- [Problem to work on] Your output should be the lines below from the one with "Stickersheet about 4" through the one with "El FILSON 2021", copied exactly, pictures excluded.

** Opening Dataset excerpts block **

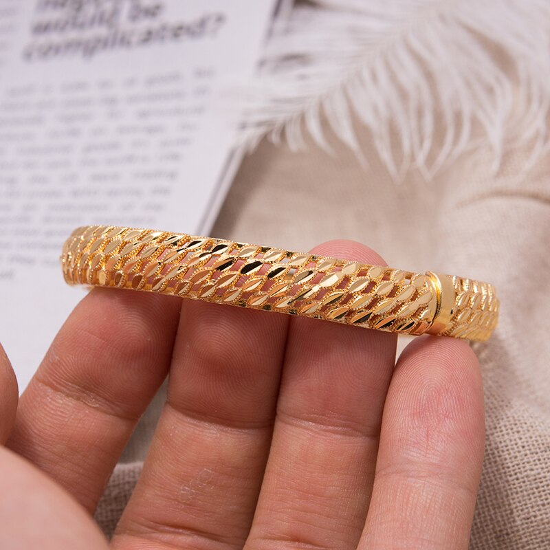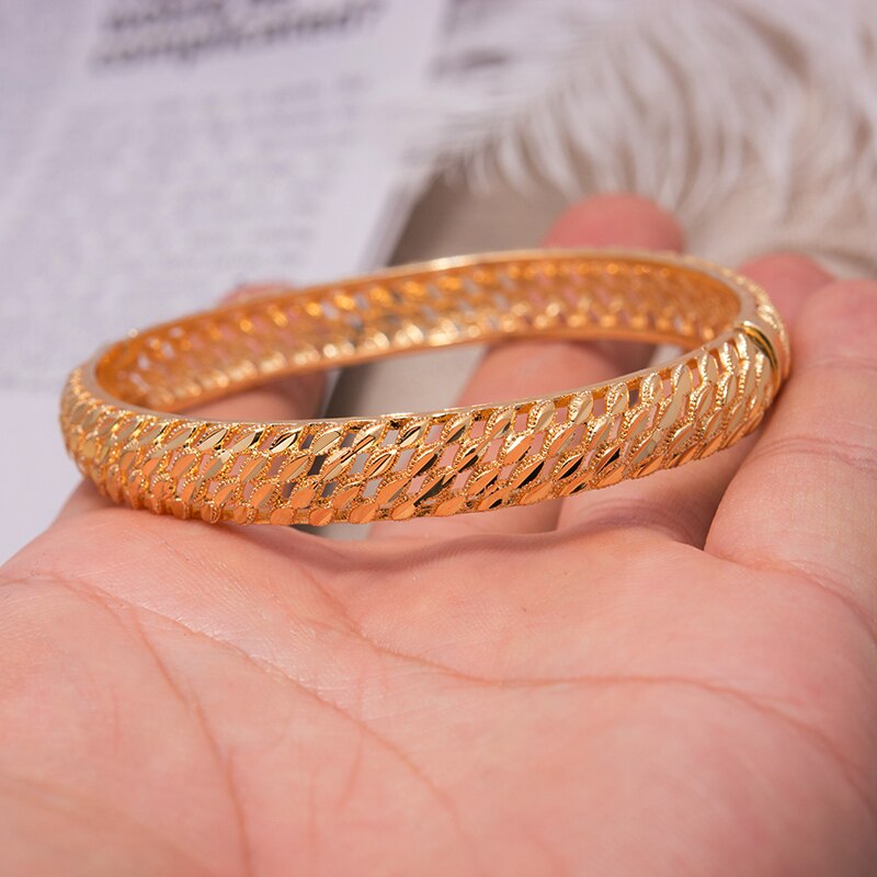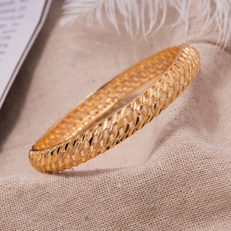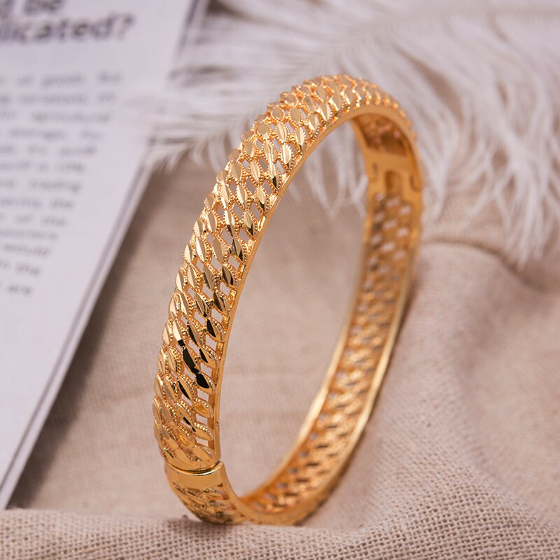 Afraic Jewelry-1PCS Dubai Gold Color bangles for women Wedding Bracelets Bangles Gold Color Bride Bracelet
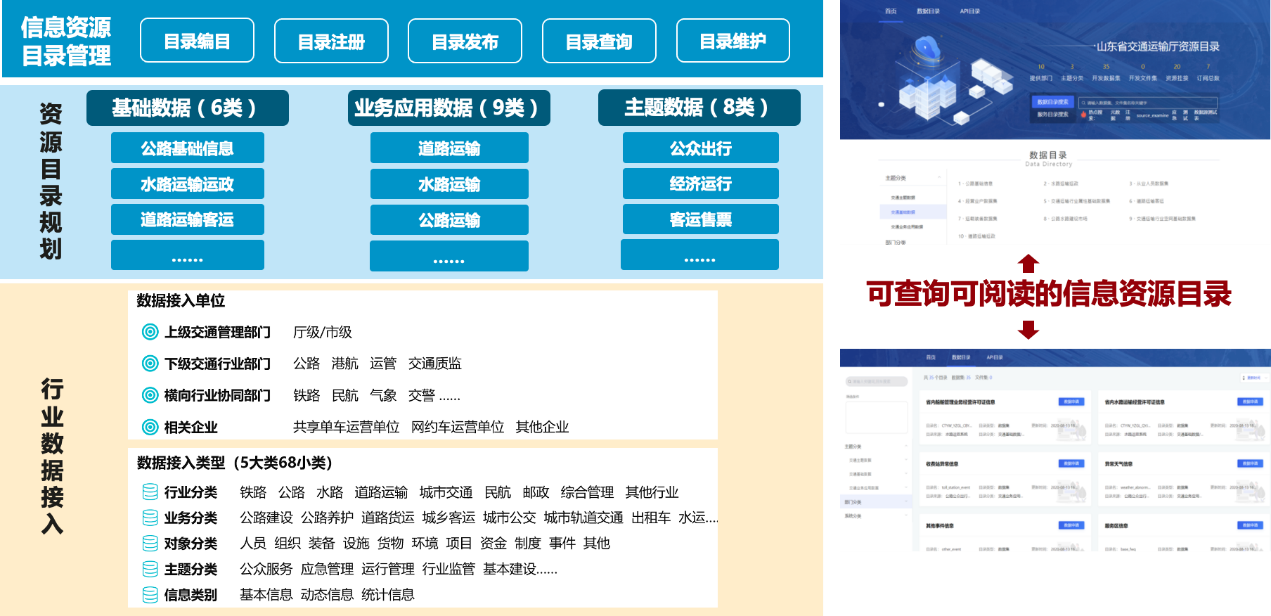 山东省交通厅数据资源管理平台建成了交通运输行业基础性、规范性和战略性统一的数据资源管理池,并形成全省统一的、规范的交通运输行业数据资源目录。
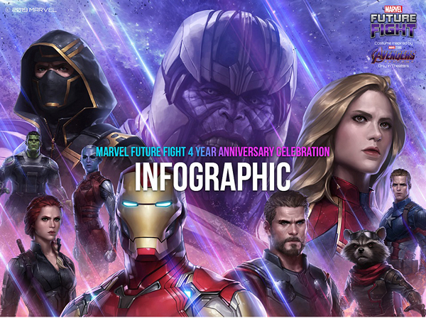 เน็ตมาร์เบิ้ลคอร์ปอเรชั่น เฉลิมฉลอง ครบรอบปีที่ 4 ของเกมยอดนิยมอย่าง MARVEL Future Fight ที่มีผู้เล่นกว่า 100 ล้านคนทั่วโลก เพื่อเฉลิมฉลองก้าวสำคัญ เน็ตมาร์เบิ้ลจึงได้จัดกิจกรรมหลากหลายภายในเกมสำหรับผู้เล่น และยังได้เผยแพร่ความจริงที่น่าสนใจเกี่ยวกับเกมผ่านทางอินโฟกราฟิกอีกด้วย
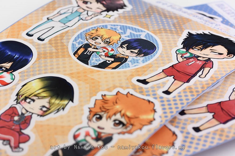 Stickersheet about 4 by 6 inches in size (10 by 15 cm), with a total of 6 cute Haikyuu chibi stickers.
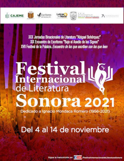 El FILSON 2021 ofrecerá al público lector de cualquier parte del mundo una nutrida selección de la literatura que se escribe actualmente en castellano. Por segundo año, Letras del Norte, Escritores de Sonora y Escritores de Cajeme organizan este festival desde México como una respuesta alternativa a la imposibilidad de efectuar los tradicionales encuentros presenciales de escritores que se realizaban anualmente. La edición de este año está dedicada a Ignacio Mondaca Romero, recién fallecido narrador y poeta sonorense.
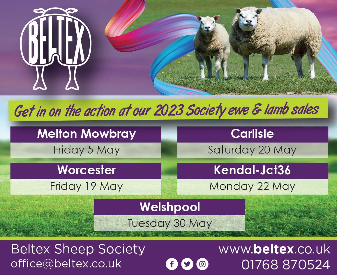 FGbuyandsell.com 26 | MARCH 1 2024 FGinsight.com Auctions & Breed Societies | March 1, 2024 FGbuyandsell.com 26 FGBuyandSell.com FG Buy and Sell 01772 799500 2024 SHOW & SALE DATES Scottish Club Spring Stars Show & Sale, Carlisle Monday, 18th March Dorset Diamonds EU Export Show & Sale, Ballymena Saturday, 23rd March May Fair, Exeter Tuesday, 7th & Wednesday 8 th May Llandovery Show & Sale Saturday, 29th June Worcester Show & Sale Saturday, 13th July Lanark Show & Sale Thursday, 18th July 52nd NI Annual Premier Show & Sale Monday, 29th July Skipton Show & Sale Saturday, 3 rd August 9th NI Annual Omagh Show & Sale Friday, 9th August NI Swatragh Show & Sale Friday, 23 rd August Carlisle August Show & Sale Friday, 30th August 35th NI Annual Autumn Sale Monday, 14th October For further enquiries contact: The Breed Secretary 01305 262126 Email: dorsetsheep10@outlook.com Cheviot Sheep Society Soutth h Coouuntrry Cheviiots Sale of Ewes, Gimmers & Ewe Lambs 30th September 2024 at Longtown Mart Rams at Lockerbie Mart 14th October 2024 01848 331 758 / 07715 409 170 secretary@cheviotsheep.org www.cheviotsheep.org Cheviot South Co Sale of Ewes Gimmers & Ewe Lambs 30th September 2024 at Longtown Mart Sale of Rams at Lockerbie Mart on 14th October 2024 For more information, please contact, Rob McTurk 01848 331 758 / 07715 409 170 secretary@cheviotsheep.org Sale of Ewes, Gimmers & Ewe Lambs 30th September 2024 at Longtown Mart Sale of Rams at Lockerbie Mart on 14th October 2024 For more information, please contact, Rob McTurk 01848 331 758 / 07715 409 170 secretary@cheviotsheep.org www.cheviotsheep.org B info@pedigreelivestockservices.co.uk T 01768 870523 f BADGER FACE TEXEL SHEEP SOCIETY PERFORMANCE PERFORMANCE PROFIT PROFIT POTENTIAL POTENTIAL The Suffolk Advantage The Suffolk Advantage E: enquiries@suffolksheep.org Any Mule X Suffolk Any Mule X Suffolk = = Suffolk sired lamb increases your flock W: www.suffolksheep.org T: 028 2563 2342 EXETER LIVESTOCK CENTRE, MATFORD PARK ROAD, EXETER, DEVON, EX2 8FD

** Closing Dataset excerpts block **

- [Problem solution]
 Stickersheet about 4 by 6 inches in size (10 by 15 cm), with a total of 6 cute Haikyuu chibi stickers.
 El FILSON 2021 ofrecerá al público lector de cualquier parte del mundo una nutrida selección de la literatura que se escribe actualmente en castellano. Por segundo año, Letras del Norte, Escritores de Sonora y Escritores de Cajeme organizan este festival desde México como una respuesta alternativa a la imposibilidad de efectuar los tradicionales encuentros presenciales de escritores que se realizaban anualmente. La edición de este año está dedicada a Ignacio Mondaca Romero, recién fallecido narrador y poeta sonorense.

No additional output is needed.